▸ **ACTIVITY**: Transcribe all of the data exactly. Images stay out.

▸ **EXERCISE DATA**:

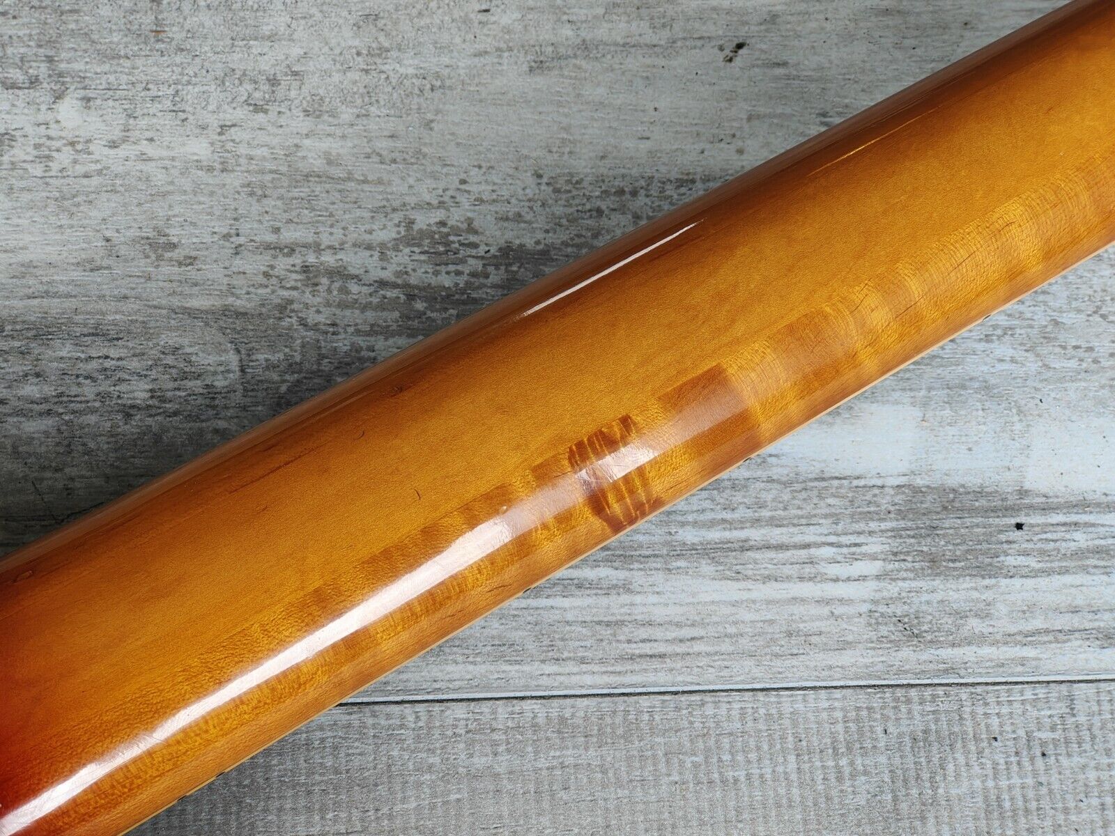 We've had this one in the warehouse for a while as we were waiting for Mick Harron (of Harron Custom Guitars) to fly up to Sydney and refret it for us and we're glad we were patient. Known for his flawless fretwork, he removed the old frets and corrected the fretboard radius to 12" before loading it with stainless steel medium jumbo frets and a brand new nut and setting it up perfectly with 10-46's.
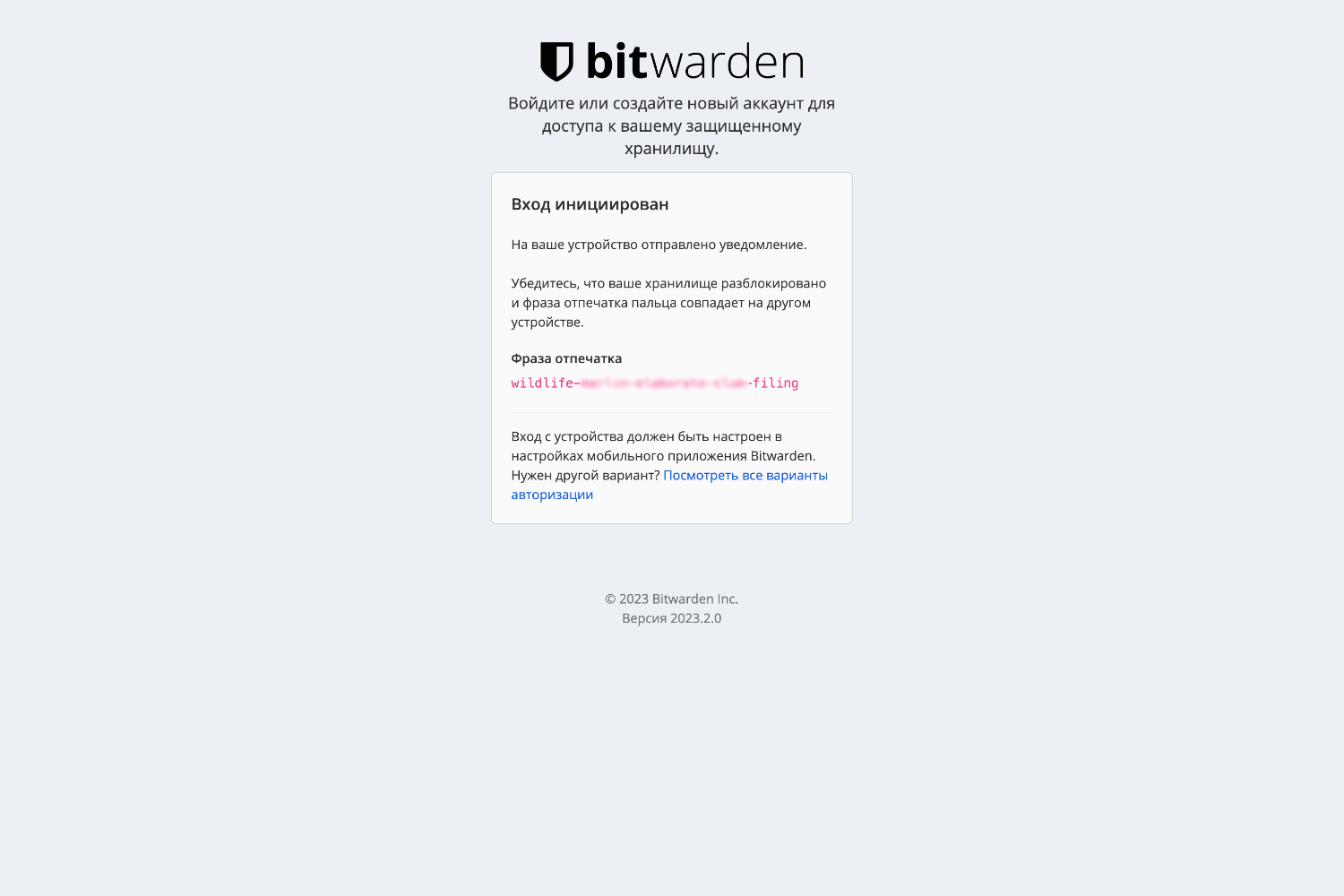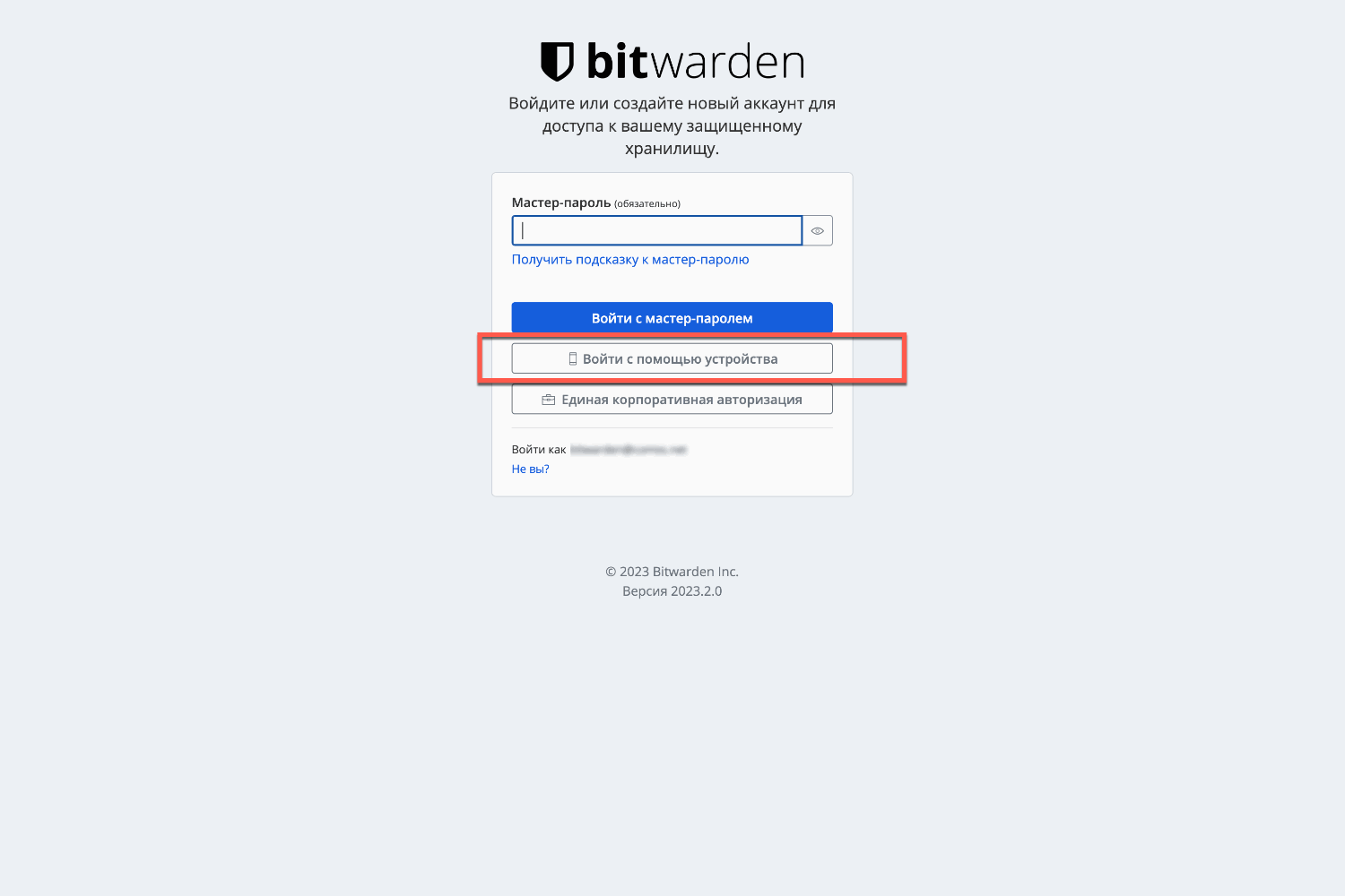 Если вы настроили двухэтапный вход в учетную запись, то вам будет предложено ввести одноразовый код подтверждения. Если в браузере не отображается опция Войти с помощью устройства, то вам следует обновить настольное приложение Bitwarden и повторить попытку. Также стоит отметить, что кнопка появится только в тех браузерах, в которые вы уже выполняли вход, т.е. она работает только на распознанных устройствах.
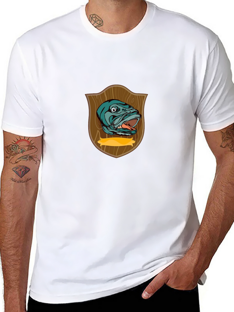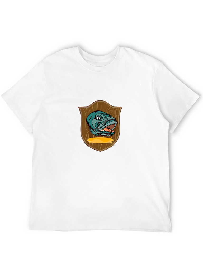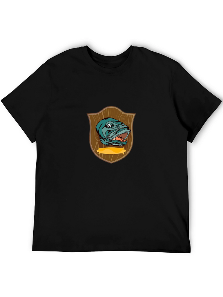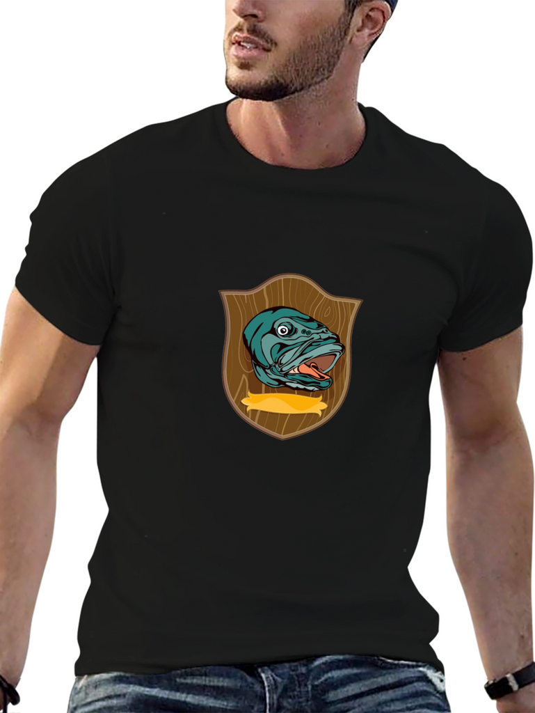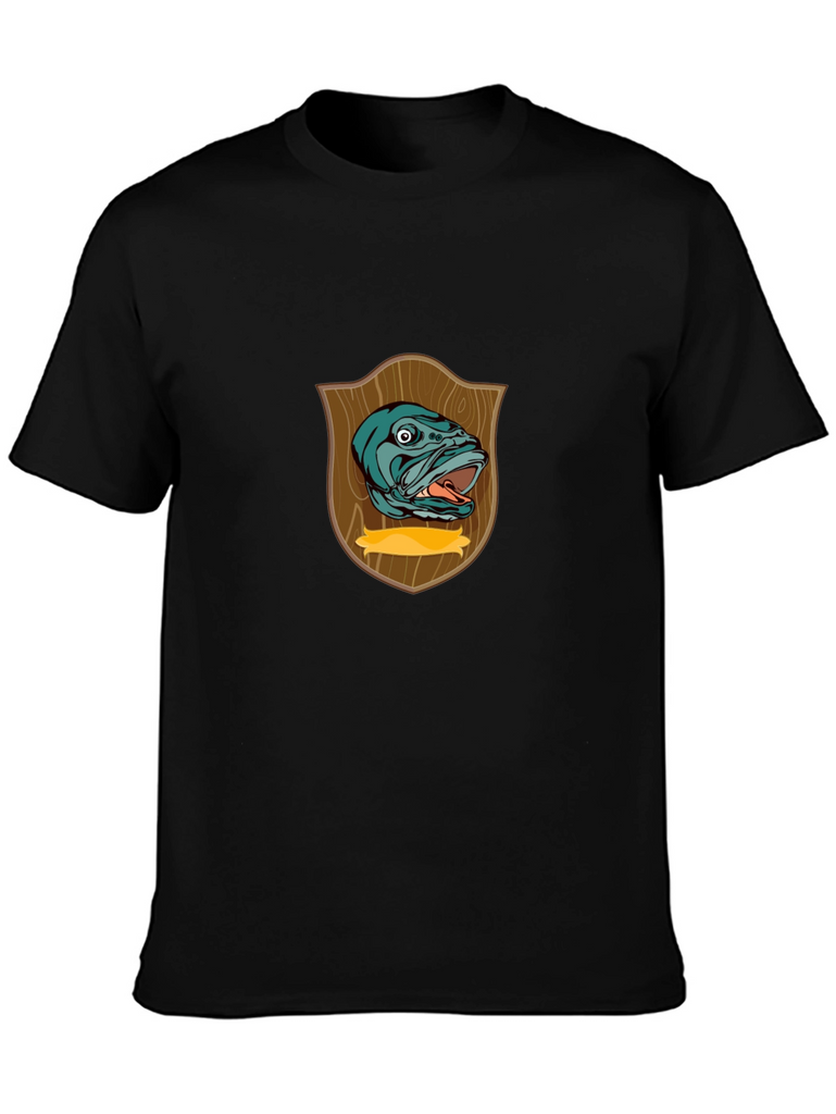 Show off your love for fishing with this unique graphic tee! This black T-shirt features a bold and eye-catching design of a bass head mounted on a wooden trophy plaque. The detailed graphic showcases the fish's distinctive features, making it a standout piece. Made from comfortable, breathable fabric, this tee is perfect for everyday wear, whether you're out on the lake, hanging out with friends, or simply relaxing at home. Its casual yet stylish design makes it a great addition to any wardrobe. A perfect gift for the fishing enthusiast!
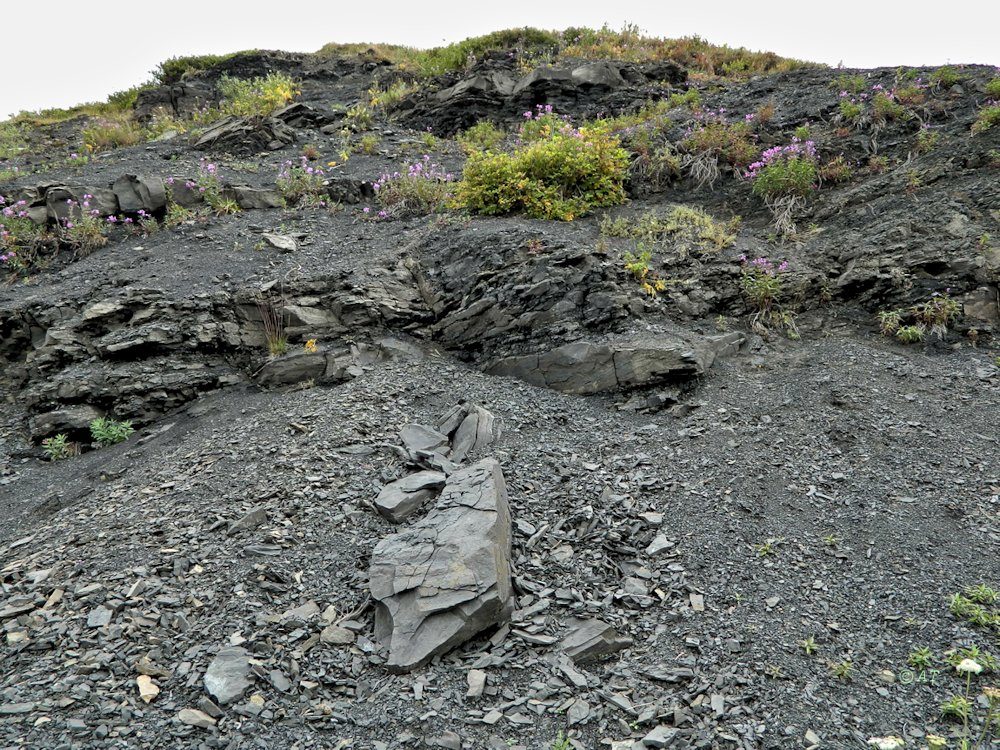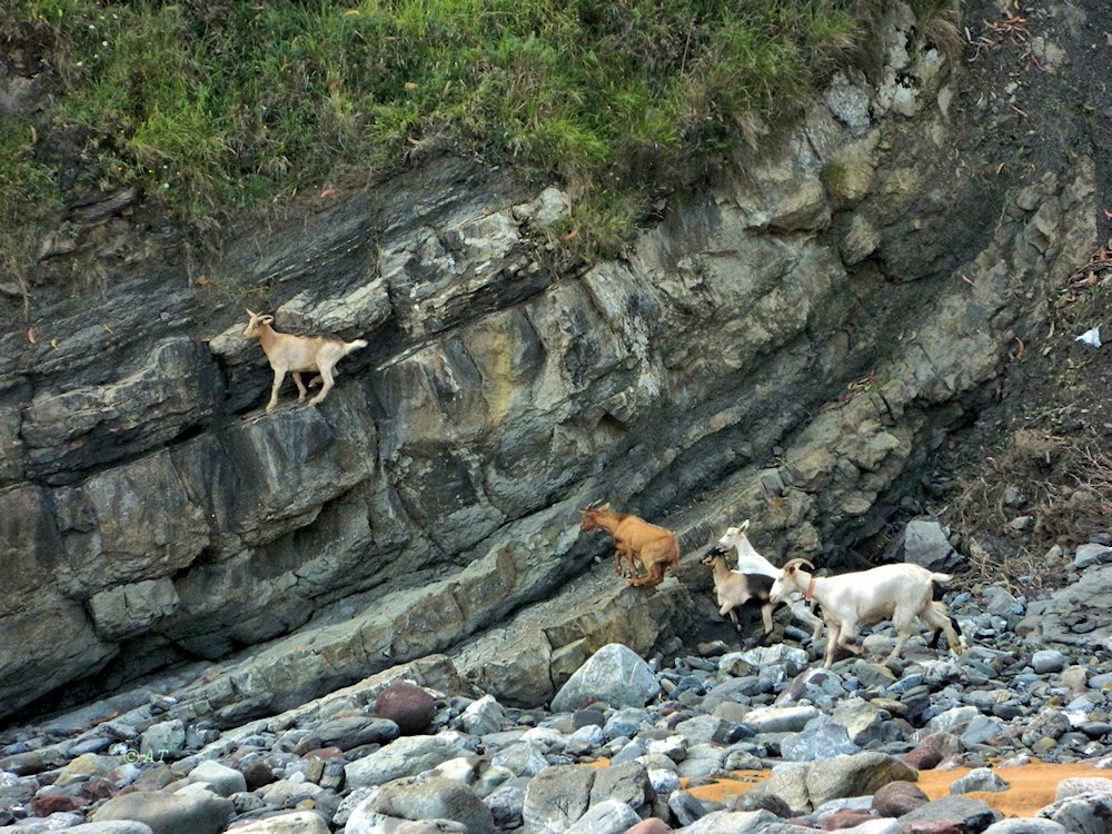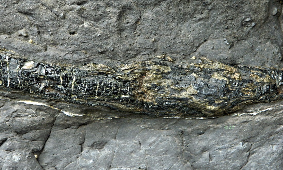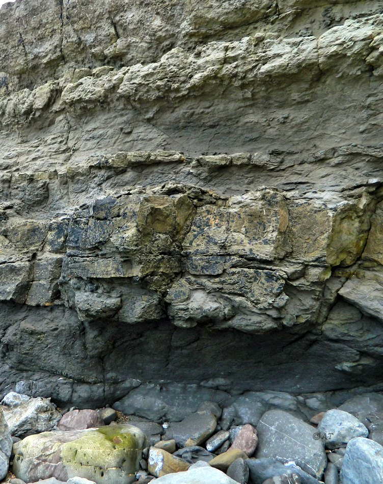 Здесь была мелкая прибрежная лагуна внутреннего моря 157 млн лет н., ходили динозавры (напр. зауроподы (Sauropoda  - это в верхнем слое складчатости. Окаменелость в нижнем слое, 4 м ниже.

▸ **RESPONSE TO THIS EXERCISE**:
 We've had this one in the warehouse for a while as we were waiting for Mick Harron (of Harron Custom Guitars) to fly up to Sydney and refret it for us and we're glad we were patient. Known for his flawless fretwork, he removed the old frets and corrected the fretboard radius to 12" before loading it with stainless steel medium jumbo frets and a brand new nut and setting it up perfectly with 10-46's.
 Если вы настроили двухэтапный вход в учетную запись, то вам будет предложено ввести одноразовый код подтверждения. Если в браузере не отображается опция Войти с помощью устройства, то вам следует обновить настольное приложение Bitwarden и повторить попытку. Также стоит отметить, что кнопка появится только в тех браузерах, в которые вы уже выполняли вход, т.е. она работает только на распознанных устройствах.
 Show off your love for fishing with this unique graphic tee! This black T-shirt features a bold and eye-catching design of a bass head mounted on a wooden trophy plaque. The detailed graphic showcases the fish's distinctive features, making it a standout piece. Made from comfortable, breathable fabric, this tee is perfect for everyday wear, whether you're out on the lake, hanging out with friends, or simply relaxing at home. Its casual yet stylish design makes it a great addition to any wardrobe. A perfect gift for the fishing enthusiast!
 Здесь была мелкая прибрежная лагуна внутреннего моря 157 млн лет н., ходили динозавры (напр. зауроподы (Sauropoda  - это в верхнем слое складчатости. Окаменелость в нижнем слое, 4 м ниже.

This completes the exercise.